The Brazilian Securities and Exchange Commission (CVM) announced the CVM Resolution No. 772, dated June 7th, 2017, which authorizes CVM´s Securities Registration Department (SER) to analyze requests to dismiss the requirements provided in items I and II of Article 6 of CVM Instruction No. 414/04, in public offerings of Real Estate Receivables Certificates (CRIs) backed by receivables that are considered real estate credits due to their intended allocation.
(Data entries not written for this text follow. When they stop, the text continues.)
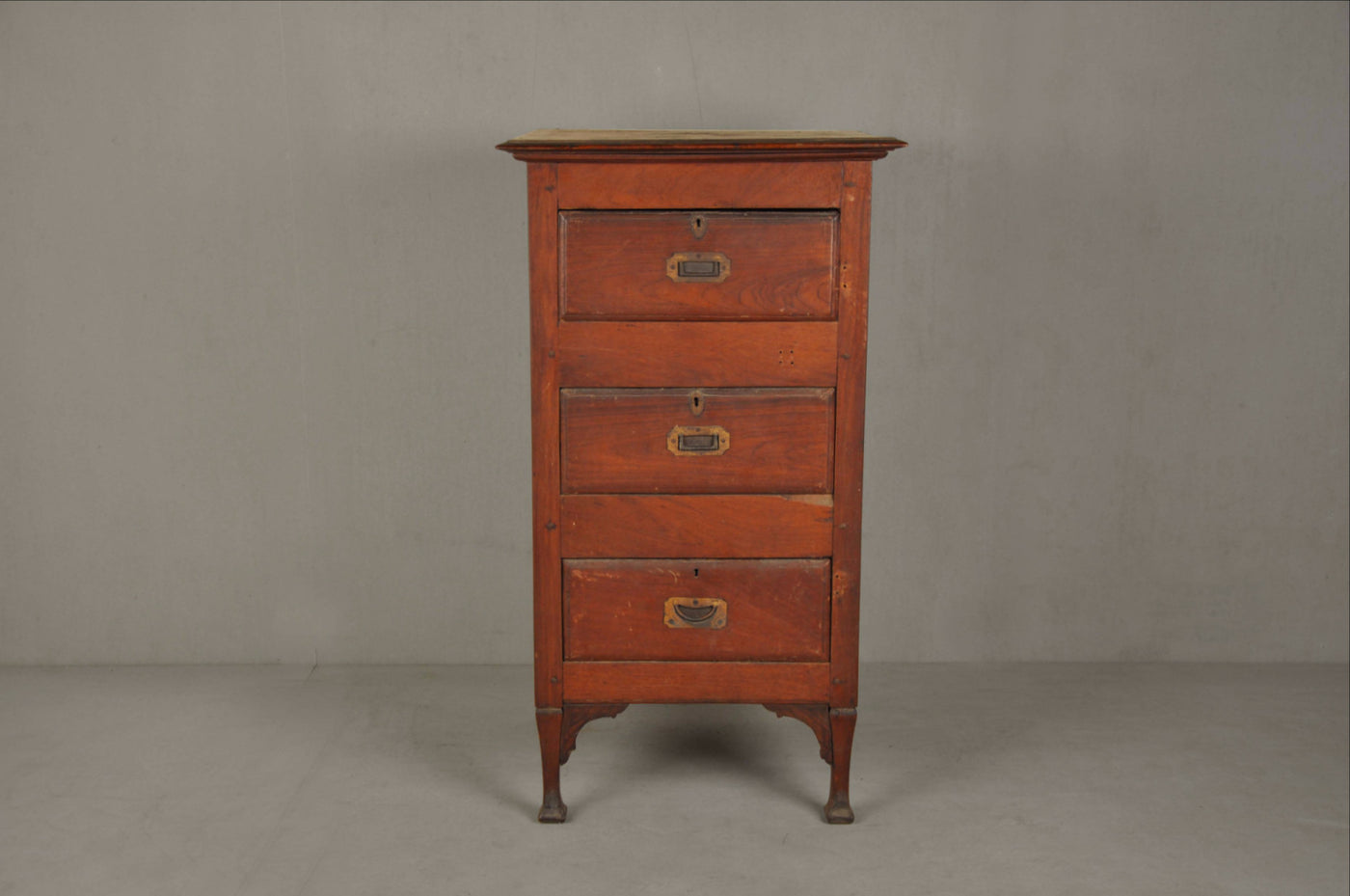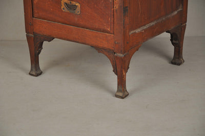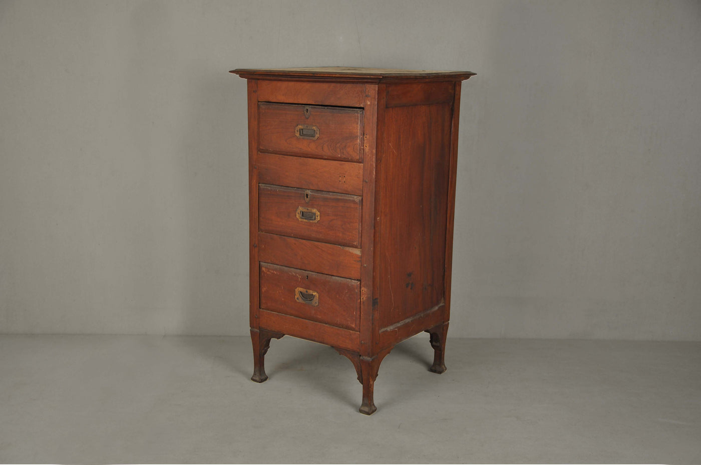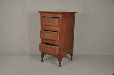 DESCRIPTION A well constructed night stand with three working drawers is a useful piece to have by the bedside. It can also be used in an office as a printing stand to hold paper, toners, etc. The stand has a well detailed top panel edge and very interesting low legs with wooden brackets. It is possible that the brackets were added over time and may not have been a part of the original design. There is slight chip in the fixed panel between the middle and bottom drawer. All three drawers have brass pull handles and the top two have key hole plates. The top two brass handles are similar with the third one slightly varying in design.
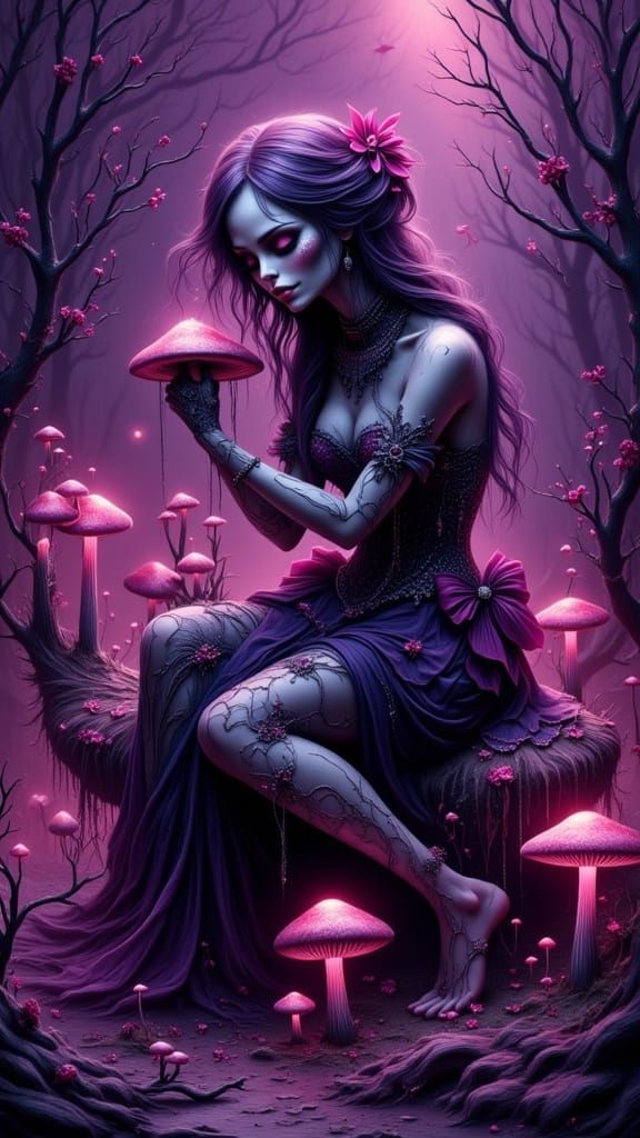 This image shows a gothic punk woman on a glowing mushroom, with the Grim Reaper feeding her. Features neon smoke and a white rabbit in a glossy cartoon style.
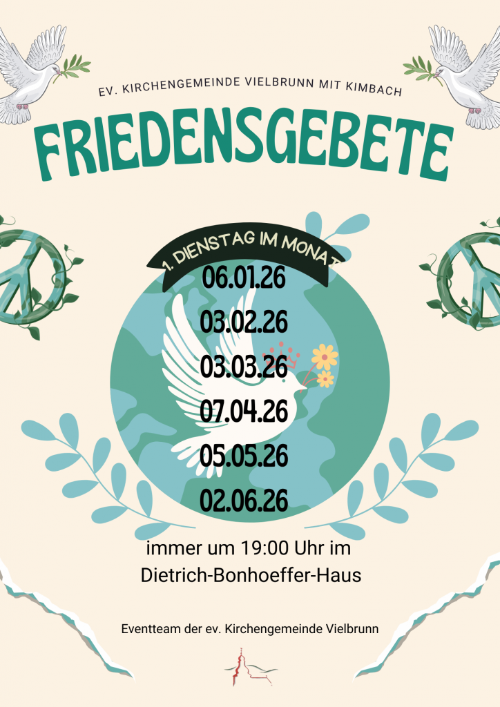 Wir feiern jeden 1. Sonntag im Monat um 10.00 Uhr Gottesdienst in Vielbrunn und um 11.00 Uhr Gottesdienst in Kimbach. Jeden 3. Sonntag im Monat findet um 10.00 Uhr Gottesdienst in Vielbrunn statt. Wir freuen uns auf viele GottesdienstbesucherInnen
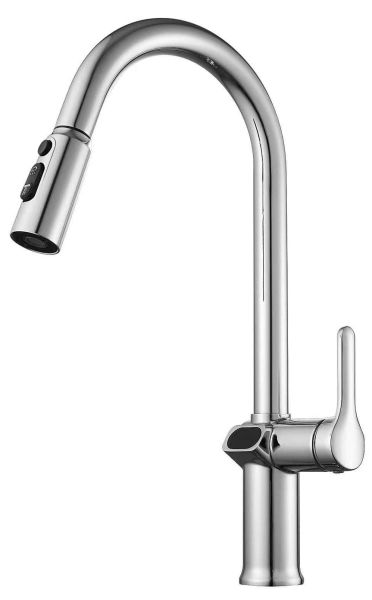 Смеситель для кухни вытяжной с дисплеем, арт. K15 LED: Технологичность и стиль для современной кухни.Хотите сделать свою кухню еще более функциональной и стильной? Смеситель K15 LED - это идеальный выбор! Его вытяжной излив позволит легко заполнить даже самые высокие кастрюли, а встроенный дисплей добавит изюминку в интерьер. Три режима аэрации позволят настроить поток воды под свои нужды. Корпус из латуни и хромированное покрытие гарантируют долговечность и привлекательный внешний вид.Преимущества:Вытяжной излив: удобно заполнять любую посуду.
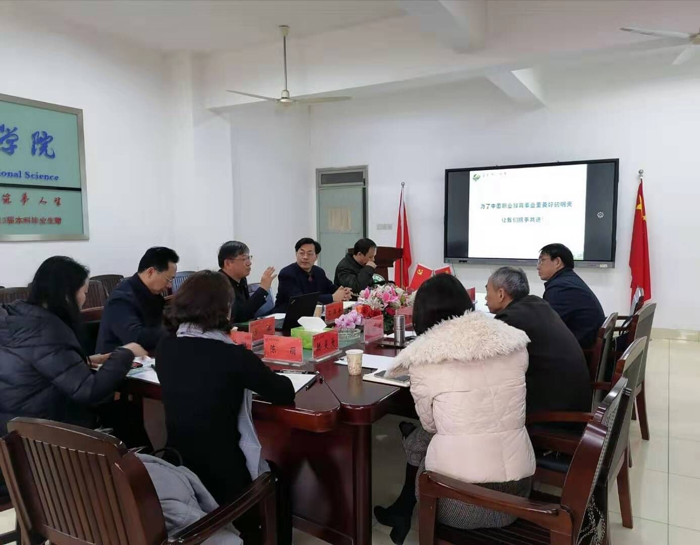 (本网讯 文/杨文静 图/张大强)12月23日上午,华东师范大学终身教授、博士生导师、华东师范大学职业教育与成人教育研究所名誉所长、石伟平教授,孙玫璐副教授,芜湖市教育局职成科陈丽老师,应邀来我院做“职教改革与学科建设”主题交流,院党委方泓书记、院长桑青松教授及学院相关教师出席本会,研究生到场学习。本次会议由桑院长主持,向石伟平教授一行表示热烈欢迎之后,桑院长和与会专家交流了我院学科建设发展情况。
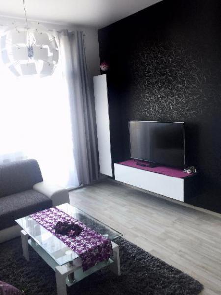Layout and equipment: In the entrance hall there is mirrored cabinet and modern shelves. The entrance door is equipped with a knob on the inside - flexible and secure solution. The bathroom has a bath, toilet, washing machine and storage space. Spacious living room with sofa, coffee table, rug, wall and hanging obývačkovou stand for the TV. Fully equipped kitchen with backlight and modern appliances: dishwasher interior lighting function with Timelight - screening the remaining time on the floor, microwave, touch electric oven, induction hob, hood design, fridge and freezer. The kitchen is connected with living room, the living room is exit to the balcony. A separate bedroom includes a spacious rolldor (due to increased ceiling) and a double bed.
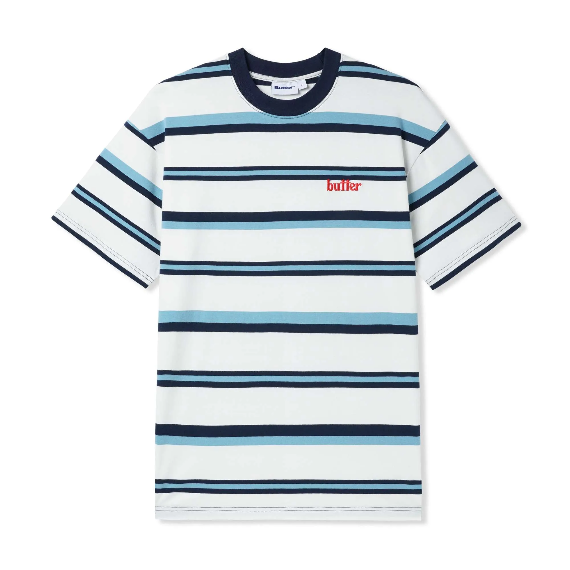 Butter Goods Camiseta Base Stripe Tee White Navy Blue L
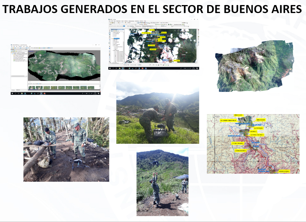 En cumplimiento al Decreto Ejecutivo No. 812, Estado de Excepción del 01 de julio de 2019, respecto a la conmoción interna en la parroquia La Merced de Buenos Aires del Cantón Urcuquí, de la provincia de Imbabura, el Instituto Geográfico Militar colaboró técnicamente con su contingente humano y equipos ante el Comando Operacional No. 1 “Norte”, a las operaciones militares de control de armas, munición y explosivos (CAMEX).

The SER can analyze the dismissal requests directly, without sending them to CVM´s Board, in the case of offerings that have the following characteristics:

a) the real estate credits that back the CRI are constituted by its issuer regardless of any future event;

b) the issuer of the real estate credits must be a publicly-held company engaged in the real estate market, in accordance with its corporate purpose;

c) the credits that back CRIs and whose allocation is intended for non-qualified investors shall be subject to the fiduciary regime, according to Article 6 of CVM Instruction No. 414/04, and the issuance of the CRI shall have at least one risk report from a rating agency;

d) the offering documents provide that: (i) the fiduciary agent is responsible for verifying that the raised funds are destined for the real properties linked to the CRI issuance, according to item I of Article 8 of Law No. 9.514/97; and (ii) the allocation of the raised funds is completed by the final payment of the CRI.

In this sense, given the new resolution and the attribution of authority to SER in order to analyze the dismissal requests of the above requirements, it is expected that the procedures for approving CRI public offerings backed by real estate credits by allocation will be faster.

Observations in this update about Brazilian law are by Tauil & Chequer Advogados. They are not intended to provide legal advice to any entity; any entity considering the possibility of a transaction must seek advice tailored to its particular circumstances.